• _WHAT TO DO_
Restate word for word the opening line of the data below and every line after it until the line with "The Save Lewisham", that line too, but not the pictures.

--- DATASET EXCERPT ---

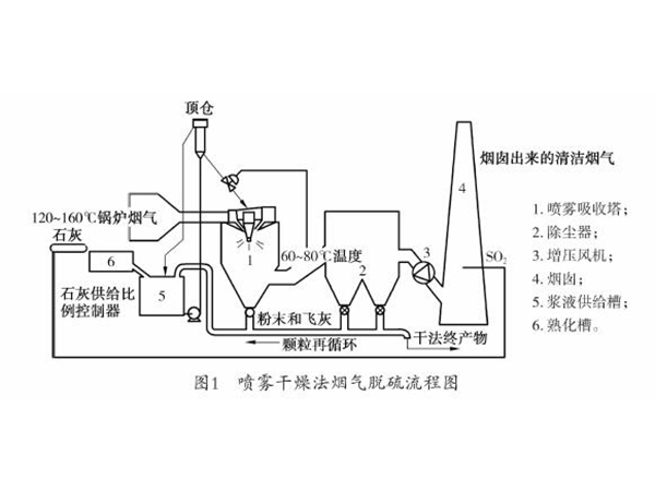 噴霧干燥法工藝系統(tǒng)主要包括以下三大關(guān)鍵設備:吸收劑漿液制備裝置,SO2吸收系統(tǒng),副產(chǎn)物收集和再循環(huán)系統(tǒng)。
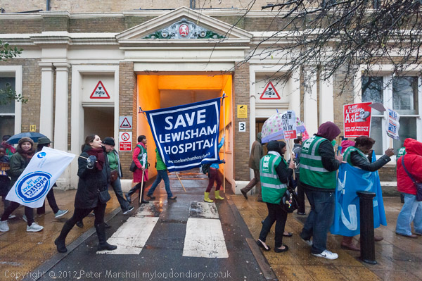 The Save Lewisham Hospital campaign made it very clear that they didn't want their protest to interfere with the normal working of the hospital, and ensured that the entrances and exits for ambulances were kept clear. But the number of people still flooding in after the hospital had been encircled meant that traffic on the High Street was brought to a standstill and nothing was moving along there or Ladywell Road when I caught a train from Ladywell.
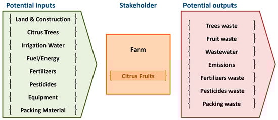 The potential inputs at the farm include land and construction, citrus trees, irrigation water, fuel/energy, fertilizers, pesticides, equipment, and packing material. The potential outputs involve various types of waste such as tree waste, fruit waste, wastewater, emissions, fertilizers waste, pesticides waste, and packing waste, along with the primary output at the farm, which is the citrus fruits (shown under the name of stakeholder “Farm” in the figure). Citrus fruits, being the foundation of the citrus supply chain, serve as the main input to all the subsequent stages.
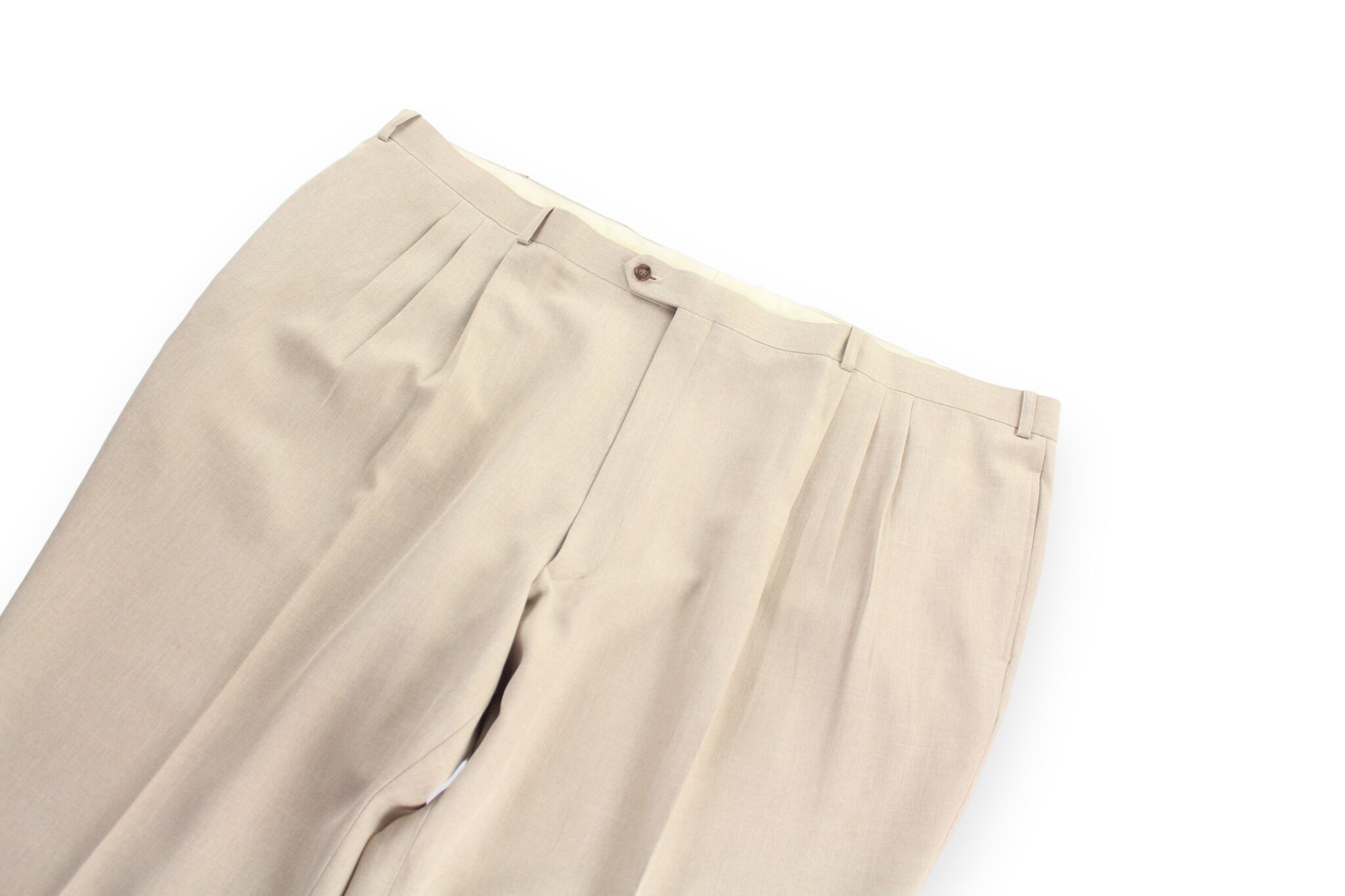某ブランドのような佇まいですが、柔らかいライトベージュカラーにモダンなとろみのある垂れるようなスーパーワイドスラックスは古着らしさがあって良いなと思います。

---

• _COMPLETED TASK_
 噴霧干燥法工藝系統(tǒng)主要包括以下三大關(guān)鍵設備:吸收劑漿液制備裝置,SO2吸收系統(tǒng),副產(chǎn)物收集和再循環(huán)系統(tǒng)。
 The Save Lewisham Hospital campaign made it very clear that they didn't want their protest to interfere with the normal working of the hospital, and ensured that the entrances and exits for ambulances were kept clear. But the number of people still flooding in after the hospital had been encircled meant that traffic on the High Street was brought to a standstill and nothing was moving along there or Ladywell Road when I caught a train from Ladywell.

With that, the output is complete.